Most recently, Strickland emptied the state's $1 billion reserves, leaving just 89 cents, in 2009. If that number sounds familiar, it's because Kasich and, later, Sen. Rob Portman used it in countless political ads as an example of Strickland's failed financial policies.
Strickland drained the account during his final budget because he faced a projected $7.7 billion shortfall during a devastating national recession.
As long as there has been a rainy-day fund, there have been politicians eager to use it. Strickland, a first-term governor, told reporters that he could tap the $1 billion in reserves only because he had vetoed earlier GOP efforts to use the money as a cash bonus for veterans.
Now, the requests come from Democrats.
"We’re talking about 10 percent of the rainy-day fund in order to deal with probably the biggest drug crisis in the last 50 years. I don’t know how you argue against that," said Youngstown-area state Sen. Joe Schiavoni, a Democratic contender for governor. He wants to spend some of the state's savings on drug treatment.

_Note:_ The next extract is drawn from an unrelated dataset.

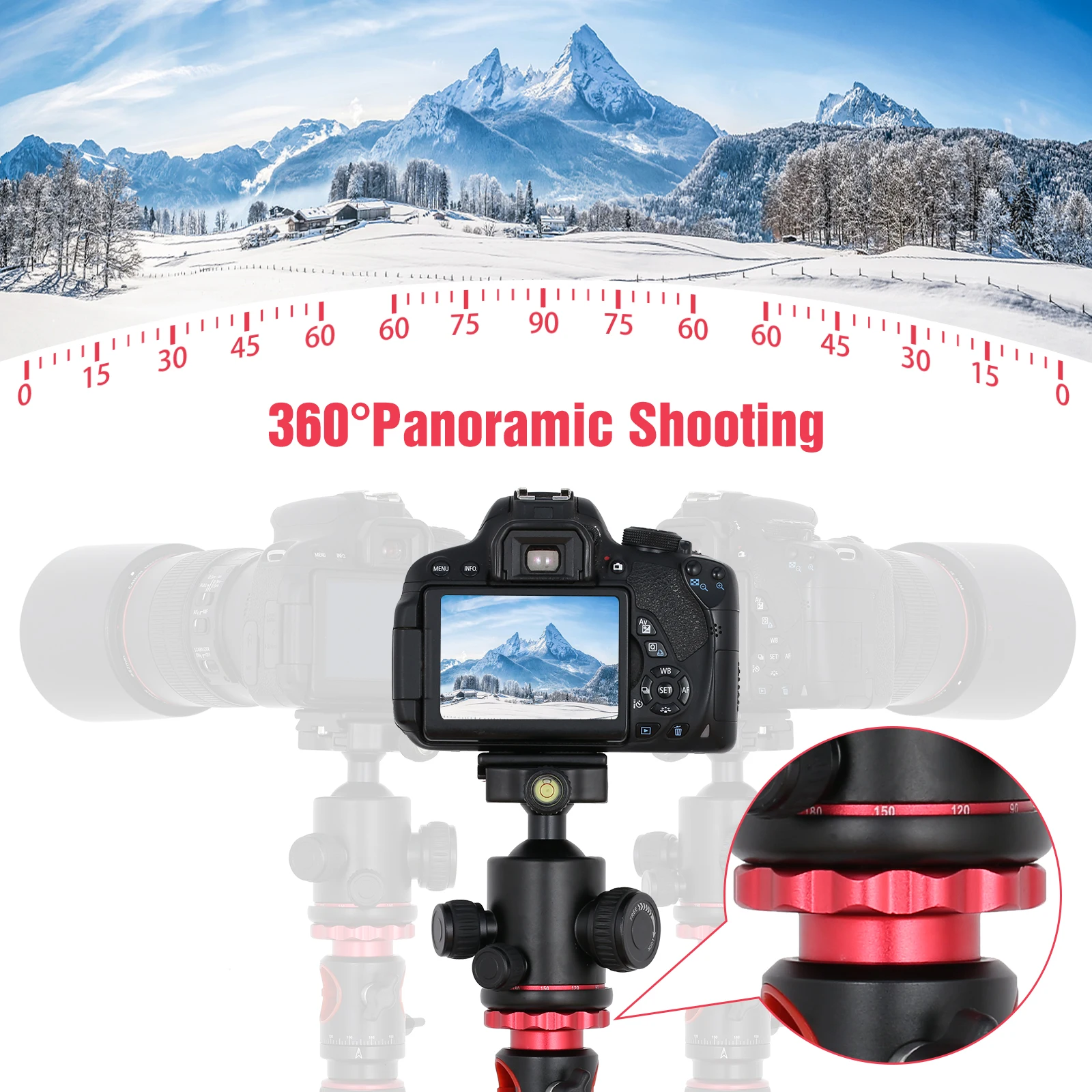 [Панорамная шаровая Головка с поворотом на 360 градусов и горизонтальная Центральная колонна]Легко и плавно вращается, с 1/4 дюймовым винтом, совместим с камерой, видеокамерой и многими другими, центральная колонка может быть перевернута, идеально подходит для съемки под низким углом, панорамной фотографии, видеосъемки, фотография пейзажа и т. Д.

Still, none of the requests have been approved by the GOP-controlled state Legislature.
Ohio is one of just six states with no rules on when to withdraw money from the rainy-day fund, which was created in the early 1980s by GOP Gov. Jim Rhodes. Ohio law only sets a goal of how much money should be kept in the just-in-case fund – about 8.5 percent of the state's tax revenues from the previous year. Each governor and Legislature has significant leeway to determine how, or whether, to spend the money.
"When states don’t have clear guidance, it can create some confusion," said Bob Zahradnik, a policy director for the Pew Charitable Trusts. Credit rating agencies prefer that states have clear guidelines and stick to them, he added. Ambiguous parameters can lead state leaders to withdraw money too frequently or not frequently enough.
Kasich's parameters? "The rainy-day fund should be used in the middle of a fiscal year to put out fires," he told reporters during an April news conference about missing tax collection expectations.
"We don’t think you can use the rainy-day fund to right the budget. That would be what some people would do so then they don’t have to make any choices,” Kasich said.
So don't expect Kasich or GOP lawmakers to touch that money to balance the state's two-year budget, which must be finalized by June 30. Instead, lawmakers are proposing small cuts to state programs and some schools.